Ese alguien fue Balaguer. El mismo que, ya ciego, seguía moviendo con astucia las piezas del ajedrez político, pero también seguía escribiendo, con una devoción que pocos comprendieron, páginas hoy relegadas al rincón polvoriento de las bibliotecas, mientras año tras año se celebra una feria que se dice del libro, pero que no se atreve a reconocer al escritor que fundó el terreno cultural sobre el que se levanta.

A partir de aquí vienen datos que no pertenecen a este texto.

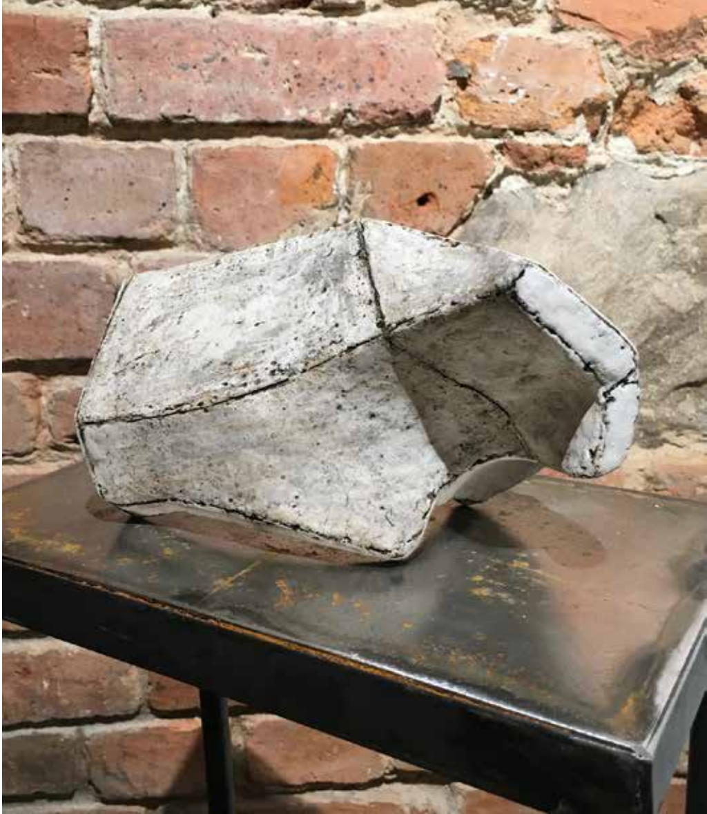
Magda Grzybowska, Ściany II , szamot, angoby, tlenki / Walls II, recycled engobes, oxides, 2017
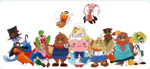
渡良瀬遊水地キャラクター

渡良瀬遊水地のキャラクターには、イベント等でおなじみのHearts 姫（ハーツひめ）やWatarase712（わたらせナイツ）の他に、たくさんの仲間がいます。
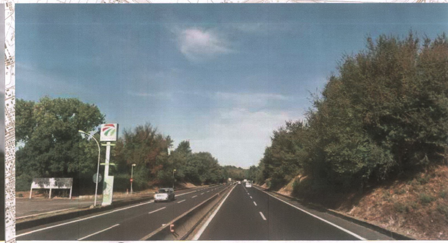
7 Via - Aurelia
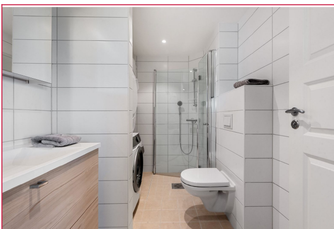
Bad nr 2 med opplegg for vaskemaskin og tørketrommel
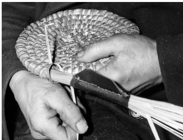
Obr. 3. Pletení ošatky ze slámy spirálovou technikou.
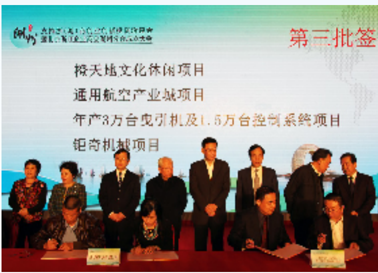
湖州市支持浙(湖)商创业创新(北京)投资洽谈会暨项目签约仪式

增速保持高位。浙商回归是扩大有效投资的重要抓手,湖州的浙商回归省外到位资金增幅远高于全市固定资产投资增幅,保持高位运行。2013年,浙商回归省外到位资金144.58亿元,同比增幅为61.8%,远高于固定资产投资
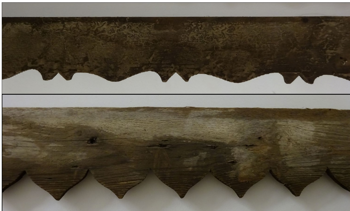
43-44. kép A Böszörményi út 16., és a Bezerédj utca 26. számú ingatlanok díszes esővető deszkái 39
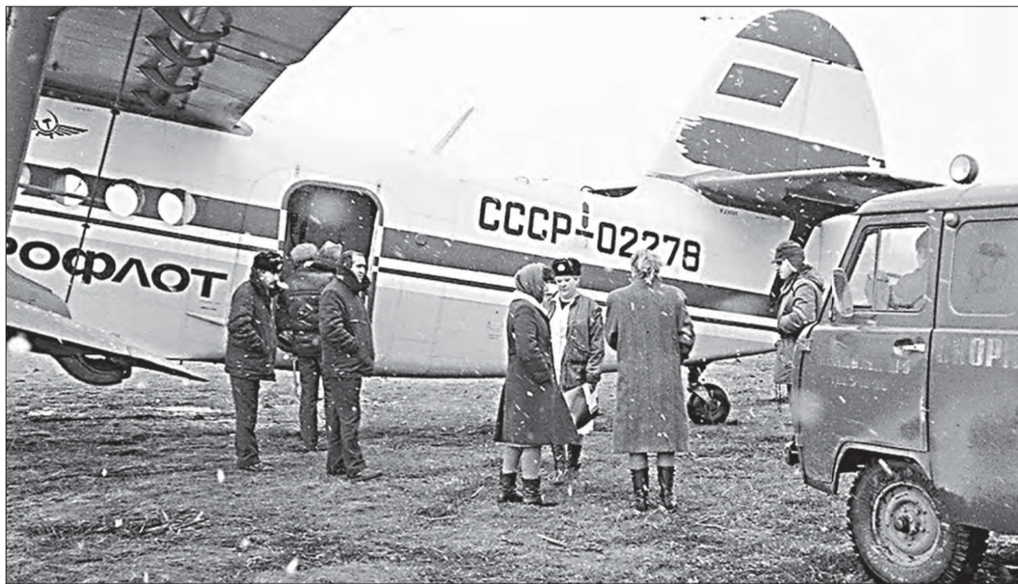
Первые вылеты сотрудников Центра медицины катастроф проходили в непростых условиях

Врач и фельдшер Центра медицины катастроф рассказали о том, как спасли тысячи людей
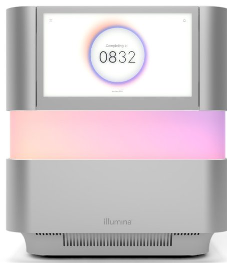
Figura 1: NextSeq 2000 Sequencing System: il NextSeq 2000 System offre design innovativo, chimica avanzata, bioinformatica semplificata e un flusso di lavoro intuitivo per la più ampia gamma di applicazioni e flessibilità di scala su un sistema di sequenziamento da banco.

Il NextSeq 1000 Sequencing System e il NextSeq 2000 Sequencing System sfruttano le ultime innovazioni nell'ottica, nel design dello strumento e nella chimica dei reagenti per ridurre al minimo il volume della reazione di sequenziamento aumentando al contempo l'output e riducendo i costi per corsa. Gli utenti possono ora ottenere processività, qualità e costi richiesti per andare incontro alle proprie esigenze, a partire da dimensioni di batch più piccole e processività inferiore fino a processività superiore

La paradoja indigna. He escuchado a ministros de cultura recitar discursos solemnes sobre “identidad nacional” y “patrimonio”, mientras evitan, como si se tratara de una herejía, pronunciar el nombre de Balaguer.
Como si rendirle homenaje significara traicionar la democracia. ¿Pero no es acaso la cultura ese espacio donde la contradicción encuentra refugio, donde lo incómodo debe discutirse, donde la memoria se acepta con sus luces y sus sombras, sin mutilaciones?
Los políticos, sin embargo, son expertos en mutilar. Van a la Feria del Libro para dejarse retratar, para cosechar prestigio barato entre las letras, pero olvidan que muchos de ellos fueron visitantes asiduos de la casa de Balaguer.
Iban a mendigar su favor, a buscar esa palabra suya que podía decidir carreras enteras. Se inclinaban con la humildad de los suplicantes y hoy fingen no haberlo conocido. Jamás han tenido la honestidad de admitir que ese país cultural que usufructúan, que exhiben como trofeo, fue en gran parte obra de aquel hombre al que ahora pretenden borrar.
Me resisto a esa injusticia. La historia, con todas sus trampas, suele tener memoria. Y tarde o temprano pasará factura a quienes negaron a Balaguer el homenaje más elemental: una Feria del Libro que lleve su nombre.
No porque fuese santo, ni porque su legado esté libre de sombras, sino porque la gratitud cultural no se mide por simpatías políticas, sino por hechos.
Algún día se celebrará la Feria del Libro Joaquín Balaguer. Ese día el país dejará de esconderse detrás de sus miedos y aceptará, al fin, que su cultura moderna —con teatros, museos, bibliotecas y plazas— nació de la voluntad de un hombre que, a pesar de todo, sigue siendo imposible de borrar.